--- START ---
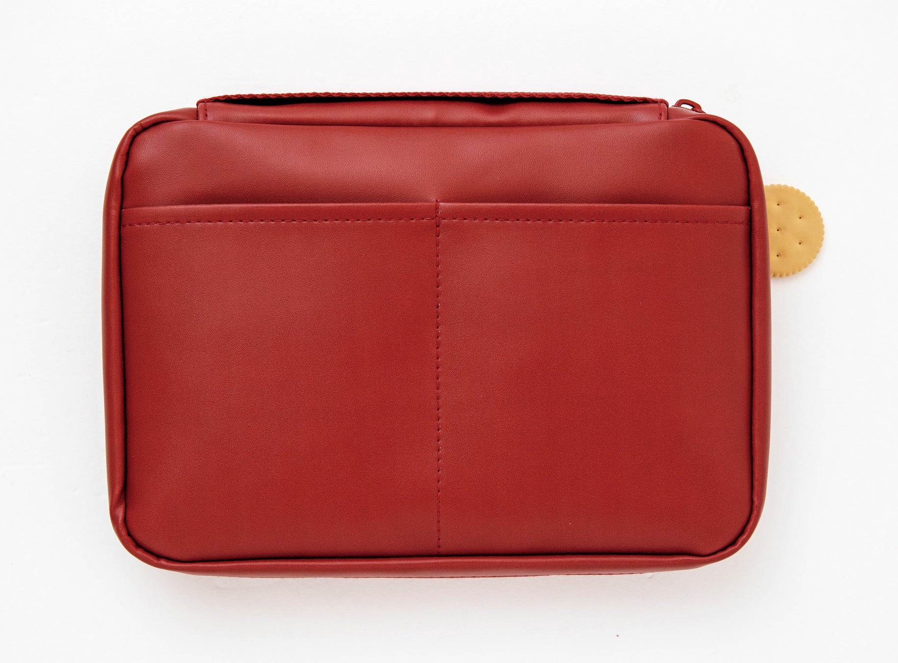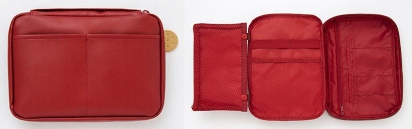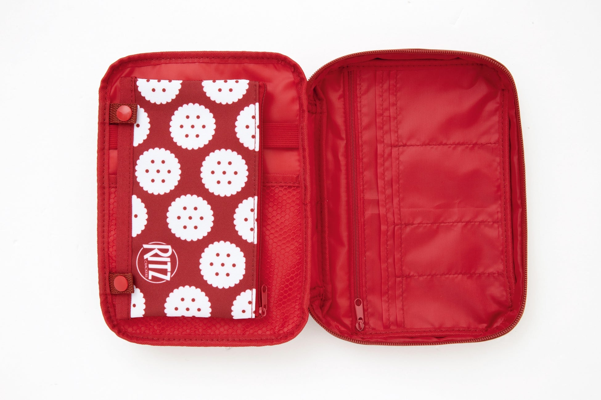 本誌限定のスペシャルアイテムは「リッツ クラッカー」の箱パッケージのようなマルチポーチと、まるでクラッカーなチャーム、取り外せるクラッカー柄ミニポーチの豪華3点セット。マルチポーチにはファスナーポケットやメッシュポケットなどポケットが複数あり、かわいいだけでなく実用性にもこだわりました。文具やコスメなど、さまざまなものの収納に活躍するマルチポーチとなっています。
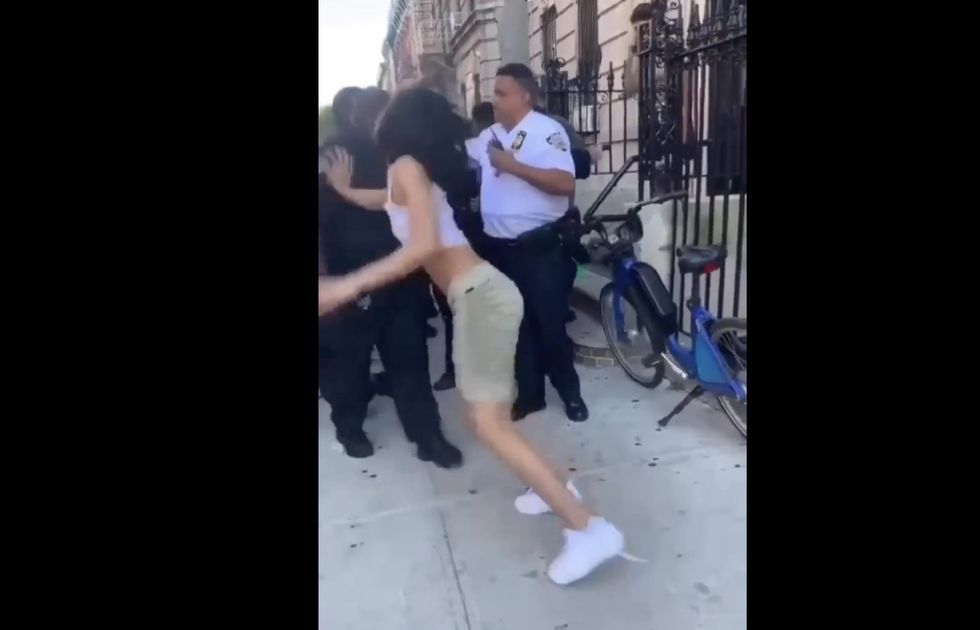 The video shows officers arresting the suspect on West 136th Street near Adam Clayton Powell Jr. Boulevard just before 5 p.m. Tuesday when Tamani Crum — a 19-year-old Bronx resident — rushed up to the scene, the New York Daily News reported.
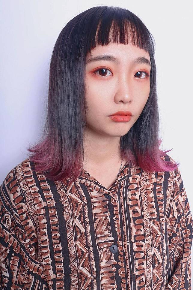 由紫棕的深色髮延伸莓果色調裙襬挑染,搭配眉上瀏海,古靈精怪、復古感大爆發,超推給日系古著女孩!
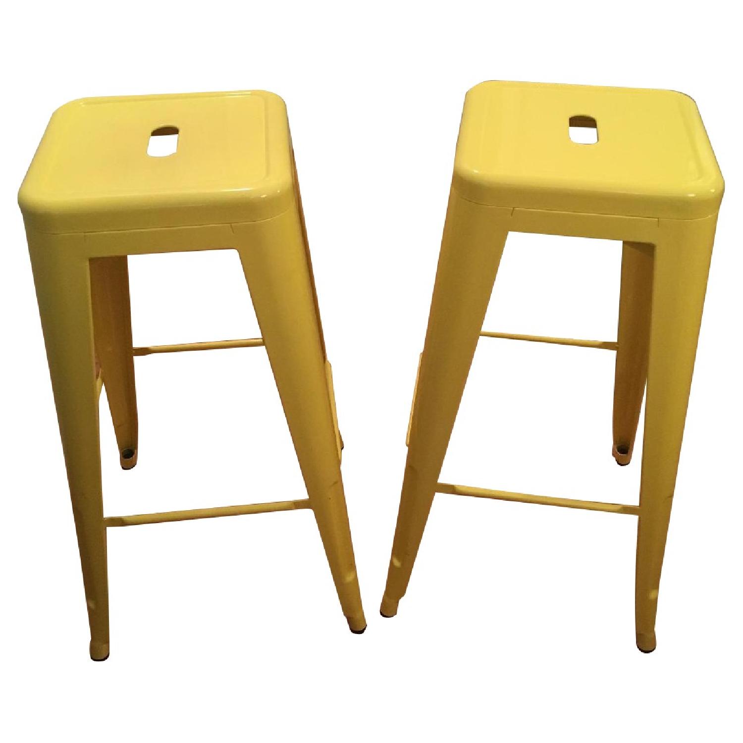 Seller's Notes:Stools no longer work with my decor, so need to sell. For a unique, contemporary touch in your home bar or at the kitchen counter, try out these modern bar stools. This set of two steel bar stools is sturdy enough for regular evening meals, and a convenient hand hold cut into the center of the seat makes moving these durable chairs around the home easy. These modern barstools feature a powder-coated design to ensure long-lasting beauty while remaining easy to clean. The generous 12-inch square seats feature a convenient hand hold in the center to ensure easy manipulation. This contemporary industrial-inspired design is available in a two-piece set, so you can create a cohesive decor. Set includes: Two (2) stools Materials: 100-percent steel Finish: Lemon yellow Powder-coated Non-mar foot glides Stackable for space saving storage Convenient hand hold in seating area Seat dimensions: 30 inches high x 12 inches wide x 12 inches deep Dimensions: 30 inches high x 17 inches wide x 17 inches deep Country of Origin: China
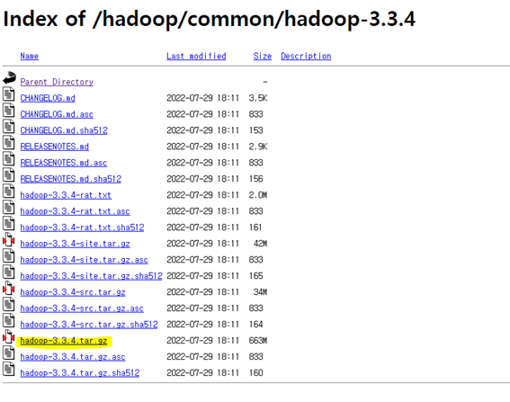 가장 최신버전 hadoop-3.3.4를 클릭합니다.
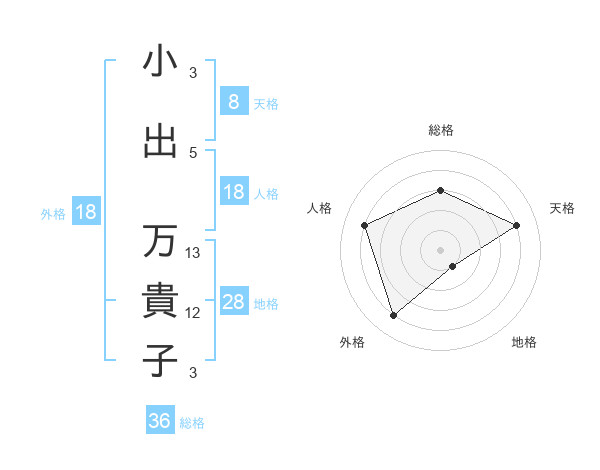 小出 万貴子さんを姓名の画数から五運を鑑定
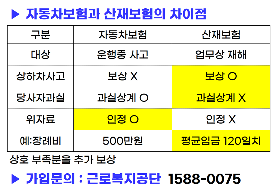 다만 산재보험에 가입한 경우에는 상하차 작업중 사고도 보상이 됩니다.
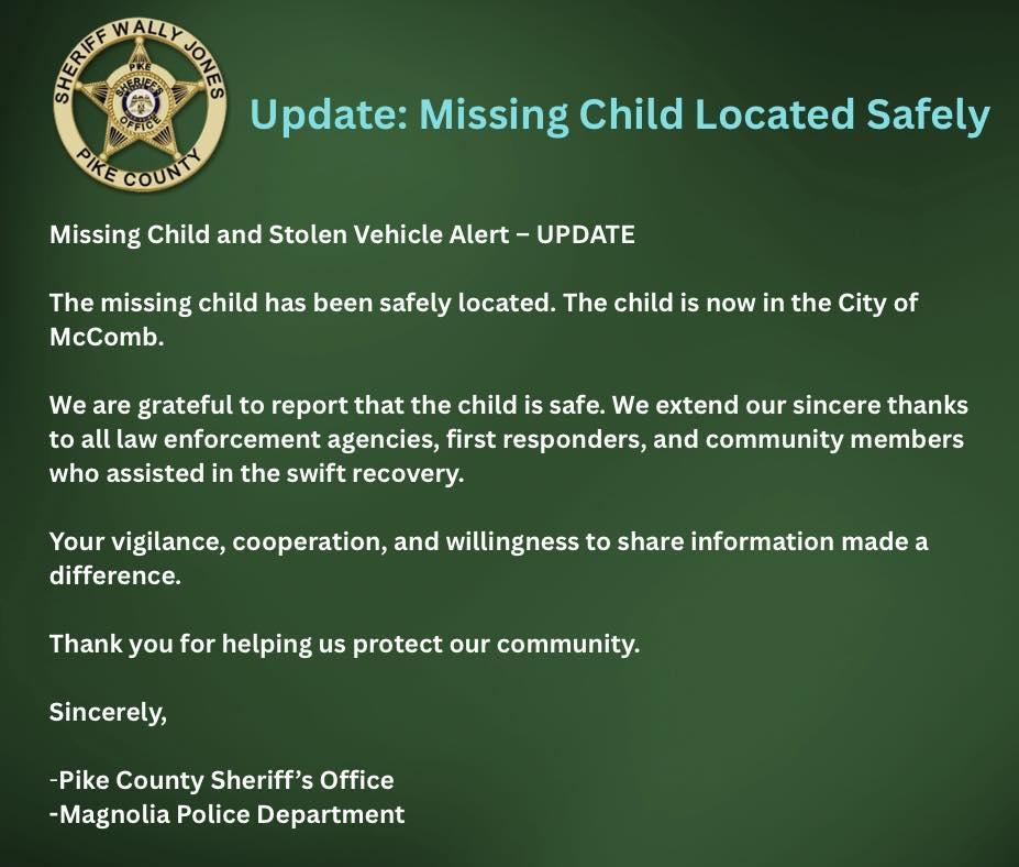 Pike County Sheriff’s Office Missing Child Located Safely Update--Tuesday, February 24, 2026
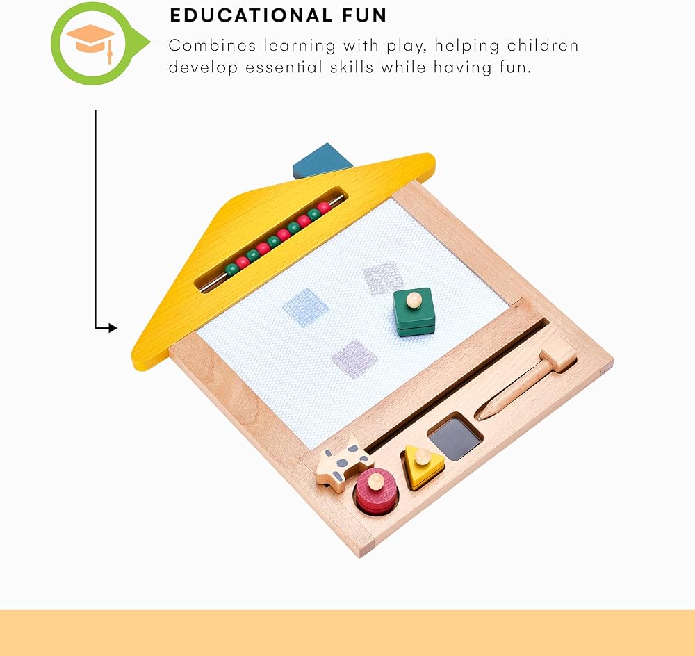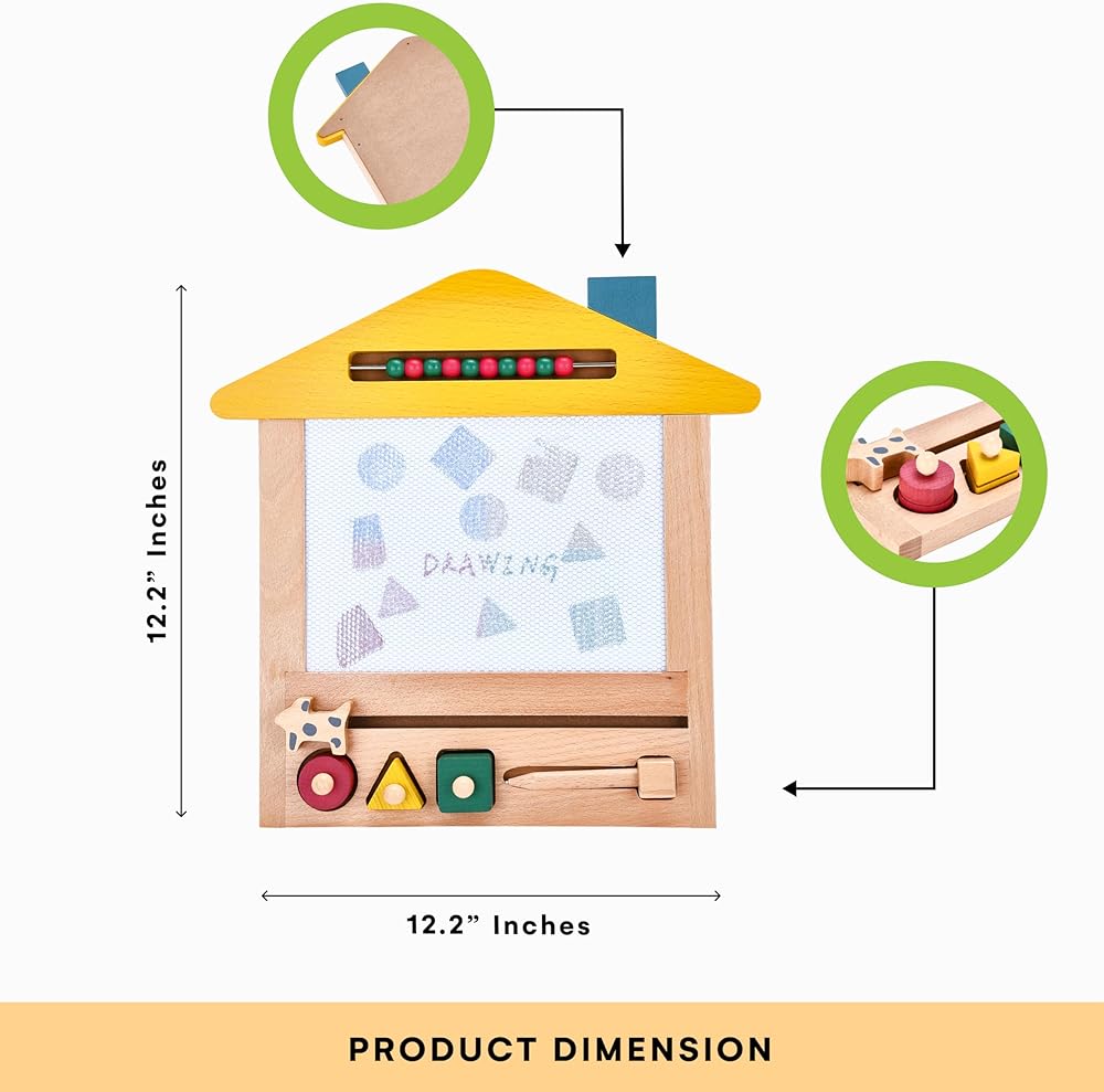 PORTABLE & CONVENIENT DOODLE BOARD: With its sturdy wooden construction and carrying handle, this baby drawing board is the ideal travel companion. It provides a perfect activity for kids on the go, keeping them engaged and entertained during travels
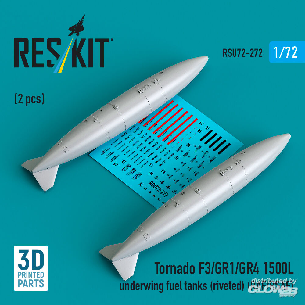 RESKIT Models: Tornado F3/GR1/GR4 1500L underwing fuel tanks (riveted) (RAF/RSAF) (2 pcs) (3D Printed) in 1:72 [4595202726]
--- END ---
» Assignment: A word-for-word copy of the listing is needed. It must not include the pictures.

» Worked solution:
 本誌限定のスペシャルアイテムは「リッツ クラッカー」の箱パッケージのようなマルチポーチと、まるでクラッカーなチャーム、取り外せるクラッカー柄ミニポーチの豪華3点セット。マルチポーチにはファスナーポケットやメッシュポケットなどポケットが複数あり、かわいいだけでなく実用性にもこだわりました。文具やコスメなど、さまざまなものの収納に活躍するマルチポーチとなっています。
 The video shows officers arresting the suspect on West 136th Street near Adam Clayton Powell Jr. Boulevard just before 5 p.m. Tuesday when Tamani Crum — a 19-year-old Bronx resident — rushed up to the scene, the New York Daily News reported.
 由紫棕的深色髮延伸莓果色調裙襬挑染,搭配眉上瀏海,古靈精怪、復古感大爆發,超推給日系古著女孩!
 Seller's Notes:Stools no longer work with my decor, so need to sell. For a unique, contemporary touch in your home bar or at the kitchen counter, try out these modern bar stools. This set of two steel bar stools is sturdy enough for regular evening meals, and a convenient hand hold cut into the center of the seat makes moving these durable chairs around the home easy. These modern barstools feature a powder-coated design to ensure long-lasting beauty while remaining easy to clean. The generous 12-inch square seats feature a convenient hand hold in the center to ensure easy manipulation. This contemporary industrial-inspired design is available in a two-piece set, so you can create a cohesive decor. Set includes: Two (2) stools Materials: 100-percent steel Finish: Lemon yellow Powder-coated Non-mar foot glides Stackable for space saving storage Convenient hand hold in seating area Seat dimensions: 30 inches high x 12 inches wide x 12 inches deep Dimensions: 30 inches high x 17 inches wide x 17 inches deep Country of Origin: China
 가장 최신버전 hadoop-3.3.4를 클릭합니다.
 小出 万貴子さんを姓名の画数から五運を鑑定
 다만 산재보험에 가입한 경우에는 상하차 작업중 사고도 보상이 됩니다.
 Pike County Sheriff’s Office Missing Child Located Safely Update--Tuesday, February 24, 2026
 PORTABLE & CONVENIENT DOODLE BOARD: With its sturdy wooden construction and carrying handle, this baby drawing board is the ideal travel companion. It provides a perfect activity for kids on the go, keeping them engaged and entertained during travels
 RESKIT Models: Tornado F3/GR1/GR4 1500L underwing fuel tanks (riveted) (RAF/RSAF) (2 pcs) (3D Printed) in 1:72 [4595202726]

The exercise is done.